[Opening Data to process section]

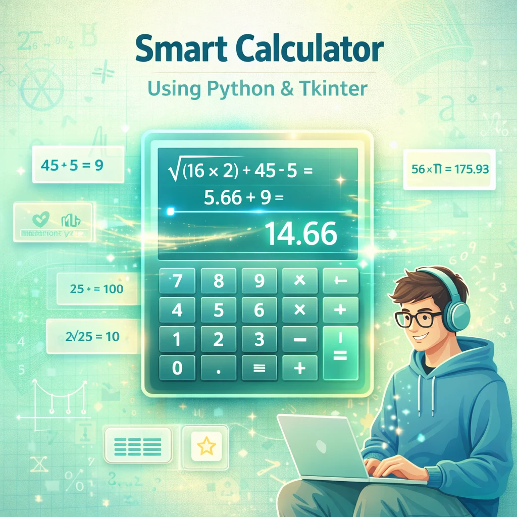 This project focuses on developing a Smart Calculator using Python and the Tkinter library. Tkinter is a built-in Python library used to create graphical user interfaces (GUI). The calculator is designed not only to perform basic arithmetic operations but also to understand text-based commands such as add, subtract, multiply, and divide.
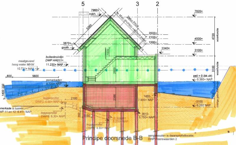 RWS neemt zelfs de moeite de woning op onze funderingsschets van de hoogwatervrije fundering schetsmatig uit te werken.
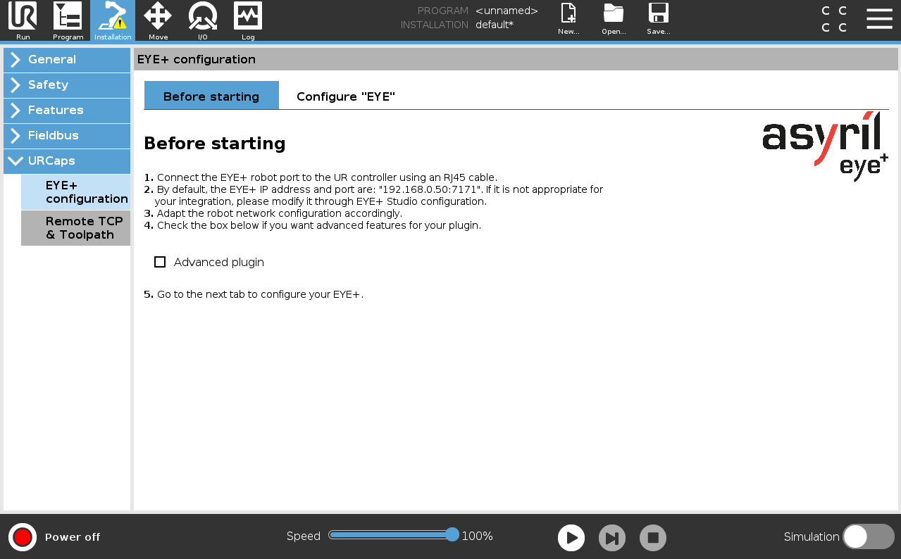 The first tab of the URCap installation gives information on how to enable the connection with your EYE+.
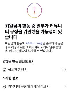 방송인 이지혜가 운영 중인 소셜미디어 계정이 규정 위반을 이유로 경고를 받았다. 이지혜는 4일 소셜미디어에 "갑자기 DM 답장도 못하고 무슨 잘못을 했나보다"라는 글과 함께 사진을 공개했다. 사진에는 이지혜가 받은 경고문을 담겼다. 경고문에는 "회원님의 활동 중 일부가 커뮤니티 규정을 위반했을 가능성이 있다.
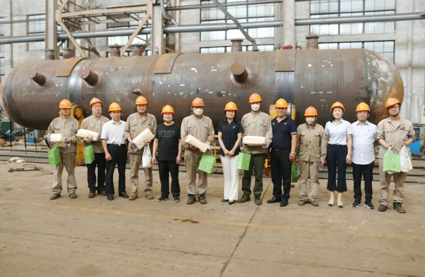 7月23日下午,臨淄區(qū)總工會副主席于宗偉、區(qū)總工會黨組成員賈鳳玲,區(qū)總工會職工服務(wù)中心主任孫能富一行來到齊魯石化機(jī)械制造有限公司看望慰問崗位的一線員工,并贈送了防暑降溫品。

[Closing Data to process section]

Please retype the records above exactly, excluding every picture.

 This project focuses on developing a Smart Calculator using Python and the Tkinter library. Tkinter is a built-in Python library used to create graphical user interfaces (GUI). The calculator is designed not only to perform basic arithmetic operations but also to understand text-based commands such as add, subtract, multiply, and divide.
 RWS neemt zelfs de moeite de woning op onze funderingsschets van de hoogwatervrije fundering schetsmatig uit te werken.
 The first tab of the URCap installation gives information on how to enable the connection with your EYE+.
 방송인 이지혜가 운영 중인 소셜미디어 계정이 규정 위반을 이유로 경고를 받았다. 이지혜는 4일 소셜미디어에 "갑자기 DM 답장도 못하고 무슨 잘못을 했나보다"라는 글과 함께 사진을 공개했다. 사진에는 이지혜가 받은 경고문을 담겼다. 경고문에는 "회원님의 활동 중 일부가 커뮤니티 규정을 위반했을 가능성이 있다.
 7月23日下午,臨淄區(qū)總工會副主席于宗偉、區(qū)總工會黨組成員賈鳳玲,區(qū)總工會職工服務(wù)中心主任孫能富一行來到齊魯石化機(jī)械制造有限公司看望慰問崗位的一線員工,并贈送了防暑降溫品。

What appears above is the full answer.